- **WHAT YOU ARE ASKED TO DO**: The full listing needs to be output exactly.
-=-=-=-=-
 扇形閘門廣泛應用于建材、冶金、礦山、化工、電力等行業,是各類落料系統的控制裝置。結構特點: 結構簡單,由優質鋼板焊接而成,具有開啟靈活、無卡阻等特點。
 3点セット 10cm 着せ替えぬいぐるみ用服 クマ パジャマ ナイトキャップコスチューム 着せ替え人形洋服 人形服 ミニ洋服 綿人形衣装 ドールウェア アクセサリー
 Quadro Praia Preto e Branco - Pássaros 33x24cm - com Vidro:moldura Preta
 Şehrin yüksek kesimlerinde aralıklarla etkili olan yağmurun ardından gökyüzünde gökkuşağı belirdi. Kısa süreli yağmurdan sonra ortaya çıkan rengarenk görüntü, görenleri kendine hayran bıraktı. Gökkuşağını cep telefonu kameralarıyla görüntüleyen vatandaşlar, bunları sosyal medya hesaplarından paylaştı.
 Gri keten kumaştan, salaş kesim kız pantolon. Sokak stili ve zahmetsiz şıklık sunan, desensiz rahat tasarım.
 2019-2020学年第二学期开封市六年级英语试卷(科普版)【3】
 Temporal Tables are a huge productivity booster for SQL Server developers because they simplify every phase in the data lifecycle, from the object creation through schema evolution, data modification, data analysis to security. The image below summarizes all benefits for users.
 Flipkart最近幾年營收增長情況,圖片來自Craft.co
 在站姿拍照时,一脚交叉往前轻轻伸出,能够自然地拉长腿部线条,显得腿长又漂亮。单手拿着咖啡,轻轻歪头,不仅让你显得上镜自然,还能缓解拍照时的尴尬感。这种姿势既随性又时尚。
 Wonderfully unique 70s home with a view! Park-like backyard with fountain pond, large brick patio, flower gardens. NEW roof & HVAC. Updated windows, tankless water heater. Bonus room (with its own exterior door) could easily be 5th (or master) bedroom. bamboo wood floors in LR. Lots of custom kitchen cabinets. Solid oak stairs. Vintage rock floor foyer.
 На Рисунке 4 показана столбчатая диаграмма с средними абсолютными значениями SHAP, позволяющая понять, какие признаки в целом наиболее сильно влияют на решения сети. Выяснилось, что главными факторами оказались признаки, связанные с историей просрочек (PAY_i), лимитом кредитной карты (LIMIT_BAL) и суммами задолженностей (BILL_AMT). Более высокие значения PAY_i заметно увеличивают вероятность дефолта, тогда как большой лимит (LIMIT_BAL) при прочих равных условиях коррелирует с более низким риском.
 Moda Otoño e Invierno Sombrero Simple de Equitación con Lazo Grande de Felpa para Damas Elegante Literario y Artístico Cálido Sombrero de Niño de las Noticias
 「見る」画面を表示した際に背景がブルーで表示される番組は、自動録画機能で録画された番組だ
-=-=-=-=-
- **OUTPUT FOR THIS TASK**:
 扇形閘門廣泛應用于建材、冶金、礦山、化工、電力等行業,是各類落料系統的控制裝置。結構特點: 結構簡單,由優質鋼板焊接而成,具有開啟靈活、無卡阻等特點。
 3点セット 10cm 着せ替えぬいぐるみ用服 クマ パジャマ ナイトキャップコスチューム 着せ替え人形洋服 人形服 ミニ洋服 綿人形衣装 ドールウェア アクセサリー
 Quadro Praia Preto e Branco - Pássaros 33x24cm - com Vidro:moldura Preta
 Şehrin yüksek kesimlerinde aralıklarla etkili olan yağmurun ardından gökyüzünde gökkuşağı belirdi. Kısa süreli yağmurdan sonra ortaya çıkan rengarenk görüntü, görenleri kendine hayran bıraktı. Gökkuşağını cep telefonu kameralarıyla görüntüleyen vatandaşlar, bunları sosyal medya hesaplarından paylaştı.
 Gri keten kumaştan, salaş kesim kız pantolon. Sokak stili ve zahmetsiz şıklık sunan, desensiz rahat tasarım.
 2019-2020学年第二学期开封市六年级英语试卷(科普版)【3】
 Temporal Tables are a huge productivity booster for SQL Server developers because they simplify every phase in the data lifecycle, from the object creation through schema evolution, data modification, data analysis to security. The image below summarizes all benefits for users.
 Flipkart最近幾年營收增長情況,圖片來自Craft.co
 在站姿拍照时,一脚交叉往前轻轻伸出,能够自然地拉长腿部线条,显得腿长又漂亮。单手拿着咖啡,轻轻歪头,不仅让你显得上镜自然,还能缓解拍照时的尴尬感。这种姿势既随性又时尚。
 Wonderfully unique 70s home with a view! Park-like backyard with fountain pond, large brick patio, flower gardens. NEW roof & HVAC. Updated windows, tankless water heater. Bonus room (with its own exterior door) could easily be 5th (or master) bedroom. bamboo wood floors in LR. Lots of custom kitchen cabinets. Solid oak stairs. Vintage rock floor foyer.
 На Рисунке 4 показана столбчатая диаграмма с средними абсолютными значениями SHAP, позволяющая понять, какие признаки в целом наиболее сильно влияют на решения сети. Выяснилось, что главными факторами оказались признаки, связанные с историей просрочек (PAY_i), лимитом кредитной карты (LIMIT_BAL) и суммами задолженностей (BILL_AMT). Более высокие значения PAY_i заметно увеличивают вероятность дефолта, тогда как большой лимит (LIMIT_BAL) при прочих равных условиях коррелирует с более низким риском.
 Moda Otoño e Invierno Sombrero Simple de Equitación con Lazo Grande de Felpa para Damas Elegante Literario y Artístico Cálido Sombrero de Niño de las Noticias
 「見る」画面を表示した際に背景がブルーで表示される番組は、自動録画機能で録画された番組だ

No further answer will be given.